Cross-Validation
In the previous lesson, we learned how train/test split helps us evaluate a model using unseen data.
Now we move one step further and answer an important question: what if our train/test split itself is biased?
To solve this, we use a powerful technique called Cross-Validation.
Why Train/Test Split Is Not Always Enough
When we split data once, the model’s performance depends heavily on how the data was split.
If the test data is unusually easy or unusually hard, our evaluation may be misleading.
This means a single split may not represent real-world performance accurately.
What Is Cross-Validation?
Cross-validation is a technique where we evaluate a model multiple times on different subsets of the data.
Instead of training once and testing once, we train and test the model several times.
The final performance is calculated as the average of all evaluations.
k-Fold Cross-Validation (Core Concept)
The most common form of cross-validation is k-fold cross-validation.
Here’s how it works conceptually:
The dataset is divided into k equal parts (called folds). One fold is used as test data. The remaining folds are used as training data. This process repeats until each fold has been used as a test set once.

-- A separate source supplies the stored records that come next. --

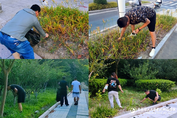 白天,后勤人冒着高温,顶着烈日穿梭在校园内外,清除绿化带白色垃圾和杂草;伴随夜色的逐渐浓郁,他们还要肩负起校园亮化调试工作,为校园夜景“增光添彩”。
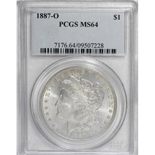 <B>1887-O $1 MS64 PCGS.</B></I> . PCGS Population (2019/277). NGC Census: (1614/103). Mintage: 11,550,000. Numismedia Wsl. Price for NGC/PCGS coin in MS64: $330. (#7176)<BR><BR><B>Coin Engraver:</B> George T. Morgan<BR><BR><b>Shipping:</b> Coins & Currency (<a target="_blank" href="http://www.heritageauctions.com/common/shipping.php">view shipping information</a>)
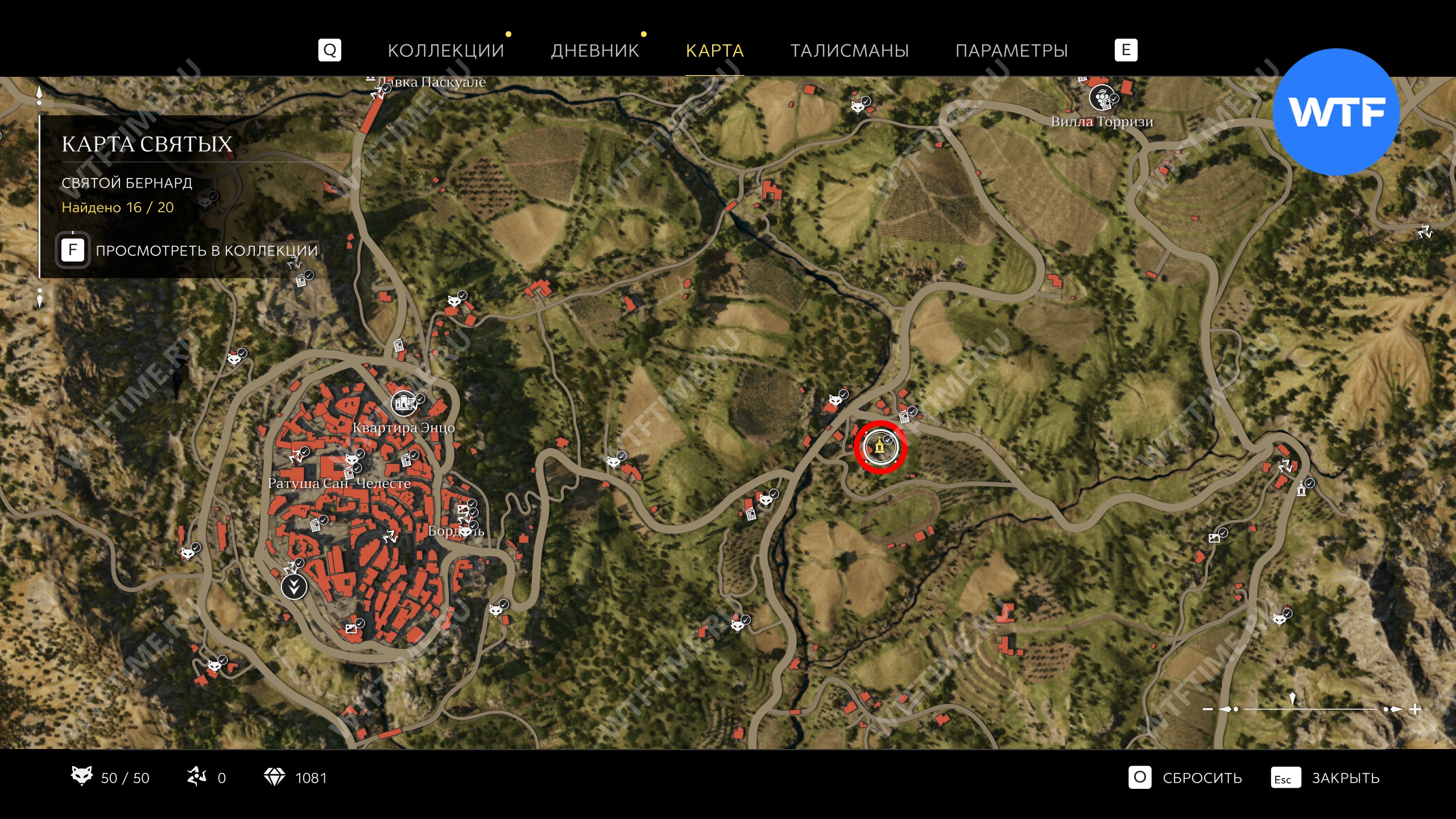 Доберитесь до Колледзольфо и поднимитесь на вершину холма в юго-западной части города. Там есть часовня, возле которой можно подобрать еще одну карту со святыми.

This ensures every data point gets a chance to be tested.
Real-World Analogy
Imagine evaluating a student by giving them multiple small exams instead of one final exam.

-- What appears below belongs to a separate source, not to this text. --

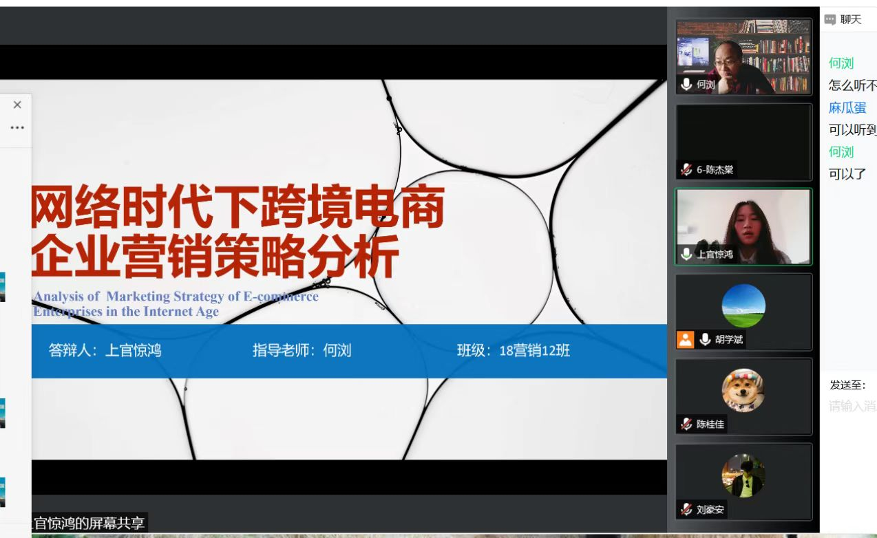 在答辩正式开始前,毕业生宣读了诚信声明,对自己的论文内容进行保障,确保论文内容的真实性,准确性。线下答辩会上,毕业生按顺序依次参加答辩,答辩过程主要为现场陈述和评委老师提问两个环节。在现场陈述环节,同学们思路清晰,从容不迫,灵活运用所学的专业知识,对自己的论文展开精彩论述。在提问环节,各组答辩老师秉持着严谨、负责的态度,对同学们专业知识掌握的熟练程度进行了考察,并对同学们的毕业论文提出了进一步的修改建议。线上答辩会,老师和身在疫情防控区及应征入伍员工打破时空界限,在云端上进行毕业论文的汇报并与答辩教师进行交流,通过互联网构建了一场场精彩的线上毕业答辩。

Each exam tests a different portion of the syllabus.
The final grade is the average of all exams, making the evaluation fair and reliable.
Using Our Dataset
We continue using the same dataset:
Dataplexa ML Housing & Customer Dataset
Cross-validation ensures that our model performs well across different segments of customers, not just a specific group.
Implementing Cross-Validation in Python
Scikit-learn provides built-in support for cross-validation.
import pandas as pd
from sklearn.model_selection import cross_val_score
from sklearn.linear_model import LogisticRegression
df = pd.read_csv("dataplexa_ml_housing_customer_dataset.csv")
X = df.drop("purchase_decision", axis=1)
y = df["purchase_decision"]
model = LogisticRegression(max_iter=1000)
scores = cross_val_score(model, X, y, cv=5)
scores, scores.mean()
Each value in scores represents performance on one fold.
The average score gives a more reliable estimate of model quality.
Why Cross-Validation Reduces Overfitting Risk
Because the model is evaluated on multiple unseen subsets, it is harder for it to accidentally perform well by chance.
If a model performs consistently across folds, it is more likely to generalize well.
Choosing the Right Value of k
Common choices include:
5-fold cross-validation 10-fold cross-validation
Smaller k means faster computation. Larger k means more reliable evaluation.
In practice, 5 or 10 folds work well for most problems.
Mini Practice
Think about our dataset.
Ask yourself:
Would one train/test split represent all customers fairly? How does cross-validation improve trust in evaluation?
Exercises
Exercise 1:
Why do we use cross-validation instead of a single split?
Exercise 2:
What does k represent in k-fold cross-validation?
Exercise 3:
Why is average score used in cross-validation?
Quick Quiz
Q1. Does cross-validation replace train/test split?
Q2. Is cross-validation computationally expensive?
In the next lesson, we will understand the Bias–Variance Tradeoff, which explains why balancing model complexity is critical.